In our example, the expression is:

• \( 5ab \)
• \( -b^2 \)
• \( 7ab \)
• \( 6b^2 \)

If we look closely, the like terms are:

• \( 5ab \) and \( 7ab \)
• \( -b^2 \) and \( 6b^2 \).

Recognizing these allows us to perform the next step of combining them. Always check the whole part of the term before concluding that they are like terms.

Once we've identified like terms, **combining them** is the next step, which involves adding or subtracting their coefficients while keeping the variable part unchanged. This process streamlines the expression, making it easier to handle in future calculations.

For instance, in our expression:- The terms \( 5ab \) and \( 7ab \) can be combined because they're like terms. Add their coefficients: \[ 5 + 7 = 12 \] So, \( 5ab + 7ab = 12ab \).- Next, for the terms \( -b^2 \) and \( 6b^2 \), combine like this: \[ -1 + 6 = 5 \] Therefore, \(-b^2 + 6b^2 = 5b^2\).

Both operations preserve the variables' integrity, only affecting their coefficients, leading us smoothly to the final expression.

**Polynomial simplification** is the process of reducing a polynomial to its simplest form by combining like terms. This is essential for making the expression easier to evaluate, compare, or solve. A simplified polynomial expression is often more intuitive and manageable.

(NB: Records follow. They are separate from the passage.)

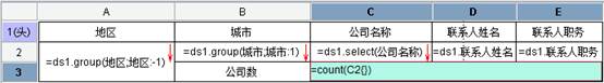 1, A2单元格中表达式为:=ds1.group(城市;城市:1)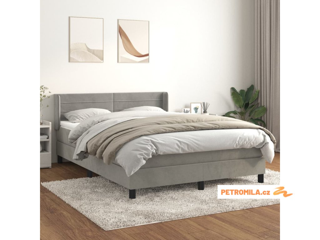 Box spring postel s matrací světle šedá 140x190 cm samet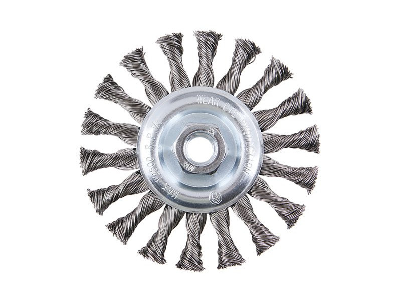 Rotary brush - radial, version: COPY - patented wire 0.5 mm - copy, does not unravel even under extreme load, FESTA brushes guarantee high-quality materials used and processing, diameter 115 mm, thread M14x2mm, galvanized brush body, number of wires: 900, wire length: 27 mm, max. permissible revolutions: 12500 1/min, use: removal of paint, rust, burrs, welding residues, slag, roughening, cleaning of metal parts, packaging: paper box with euro hole.

In the given example, we started with a polynomial expression:\[ 5ab - b^2 + 7ab + 6b^2 \]By identifying and combining like terms, we've reduced it to:\[ 12ab + 5b^2 \]This simpler expression is equivalent to the original. Simplification involves no change to the values involved, only how they are presented. It is fundamental in calculations involving algebraic expressions, either for solving equations or evaluating them in specific scenarios. Thus, mastering simplification skills aids in both understanding and solving algebraic problems more efficiently.